You know why they call deviled eggs “DEVIL”ed eggs? Because when you go to peel a hardboiled egg, Satan practically shows up right there in your damn kitchen. I know this, because at no other time, do I cook something and use more profanity, violent motions, or show more frustration than when trying to peel a bunch of damn hard-boiled eggs!
Oh trust me, I’ve tried all the tips and tricks offered by esteemed chefs, cooking networks, and even the most Southern grandma I could find, all to learn how to make the de-shelling process a little more hassle-free, but to no avail.
I used different cooking methods, fiddled around with different lengths of cooking times, used old eggs, new eggs, fresh eggs from my girlfriend’s backyard chickens, and even all the free-range, grain-fed, non-GMO, “these damn hens are the happiest sisters on the block, and no egg they produce is defective, and that’s why this dozen costs $7.99” kind of eggs but still.

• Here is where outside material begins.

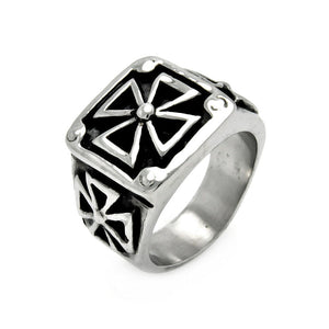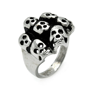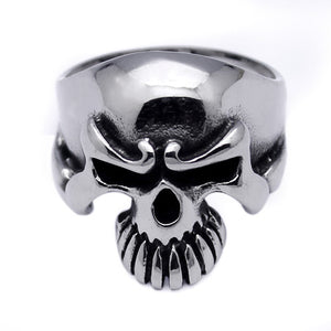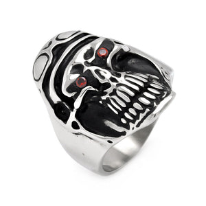 Men's Stainless Steel Pilot Skull Head Red Cubic Zirconia Ring

And now Easter is right around the corner, and my kids are already begging me to color and dye eggs with them (and then make all the hard-boiled egg things because I hate wasting food), and I just cannot. While I used to walk by the already-boiled and peeled hard-boiled eggs in the grocery store and think, “What lazy woman needs to actually buy hard-boiled eggs? I mean, can she not boil water?” now I make sure nobody is looking while I reach down and grab a bag.
See, I’m one of those bonkers “I have discovered heaven, and it exists in my Instant Pot“ kind of women.

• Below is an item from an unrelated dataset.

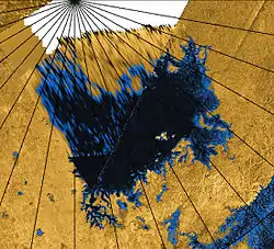 ![]() Punga Mare from a false-color mosaic of synthetic aperture radar images of Titan's north polar region. A northern extension of Kraken Mare enters the view at lower right. | |

Yes, I drank the Kool-Aid and bought one of those suckers with dreams of 15-minute pulled pork sandwiches and 30-minute fall-off-the-bone pot roast. And let’s just say my dinner dreams have yet to be quashed. Everything I cook in that magical steaming (exactly what is going on in there?) pot comes out perfect. And I don’t even worry anymore that it’s gonna explode on my kitchen counter, taking out my eyeball and singeing my gray hairs while I stand over it. I’m pretty sure at this point I’m prepared enough to be the personal poster person of pressure cooking.
And then things got even freakin’ better.
Did you know you can boil eggs in your Instant Pot in like five minutes? And bonus: The shells practically fall off by themselves while peeling?
Just this one Instant Pot feat alone makes this countertop appliance worth every damn egg-stravagant penny.
My “PLEEEEZE Mom, can we dye Easter eggs soon” begging kids have no idea what’s in store for them, because mama hit Costco yesterday, leaving with four-dozen eggs and a plan to dye those egg-cellent white beauties every color of the damn rainbow. And then I’m gonna take that 400-ounce jar of mayonnaise I bought, and we are gonna devil-egg some serious shit up in here! So suck it, Easter Bunny, ’cause this mama has got yo egg number.
How to hard-boil eggs in the Instant Pot.
Eggs (up to 10 at a time)
1 cup of water
Put your rack that came with your pot or a steamer basket in the pressure cooker. Add the water and the eggs. Make sure the water does not cover eggs. Lock lid in place, cook on “high pressure” for 5 minutes. Note: Test this out first with 1 or 2 eggs, as some people prefer a 6- or even 7-minute cycle. It all depends on what exactly you want the yolk to look like.
When the timer beeps, let the pressure release naturally for about 5 minutes. Then turn off the pressure cooker and do a quick pressure release. Immediately put eggs in an ice-cold-water bath to cool.
When cool, they are ready to be peeled or dyed! That’s it.
The time and amount of water is the same whether you are cooking 1 egg or 10.